Problems with using shared memory

Hello,

My CUDA code runs 10 times slower when I use shared memory. However, I am not sure as to why. I have it setup so that each thread in the block just reads or writes to an exclusive memory in the array (in shared memory). Maybe I am not using it as it is meant to be. I am new to CUDA and this is my first kernel writing attempt.

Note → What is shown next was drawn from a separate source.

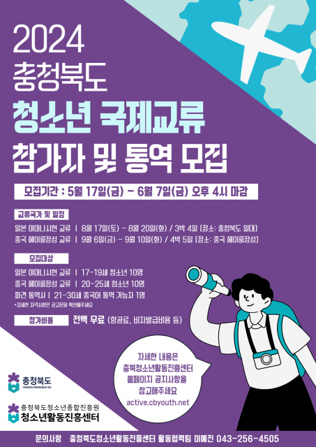 충청북도(도지사 김영환)와 충청북도청소년종합진흥원(원장 홍상표) 청소년활동진흥센터는 청소년 글로벌 역량을 강화하기 위해 실시하는 '2024 충청북도 청소년 국제교류' 참가자를 모집한다고 밝혔다.

So, in my CUDA kernel I have something like this:

[codebox]

#define NUM_BLOCKS 320

global void MyKernel()

{

shared int compareCode [NUM_BLOCKS];

compareCode [threadIdx.x] = someValue;

// Now later in the code, I have something like this:

if (compareCode[threadIdx.x] > currentCode]

{

   compareCode[threadIdx.x] = currentCode;

}

}

[/codebox]

This is basically the essense of the code. As you can see, my kernel allocates the array in shared memory and each thread should be writing and reading from its its own exclusive location (determined by threadIdx.x). This, runs very very slow. When I have something like:

[codebox]

global void MyKernel()

{

int compareCode = someValue;

if (compareCode > currentCode]

{

   compareCode = currentCode;

}

}

[/codebox]

This runs 10 times faster! Am I supposed to allocate shared memory some other way or are there some conflicts going on??! I fail to understand how though. Each thread should make a request for an exclusive index and no other thread should be asking for that index. Completely has me stumped.

Would really appreciate any help because right now I am using a lot of registers and this is preventing me from using the power of the GPU.

Many thanks,

xarg

If any NVIDIA developers read this, the visual profiler is so awesome! Thanks for that wonderful tool.

what’s your execution configuration, 1-D thread block or 2-D thread block?

what does “NUM_BLOCKS” meas?

  1. total number of blocks or

  2. total number of threads in a block

See wrap serialize in the profiler that gives you information about bank conflict in your shared memory .

It is a 1-D thread block.

NUM_BLOCKS is also the total number of threads in a block.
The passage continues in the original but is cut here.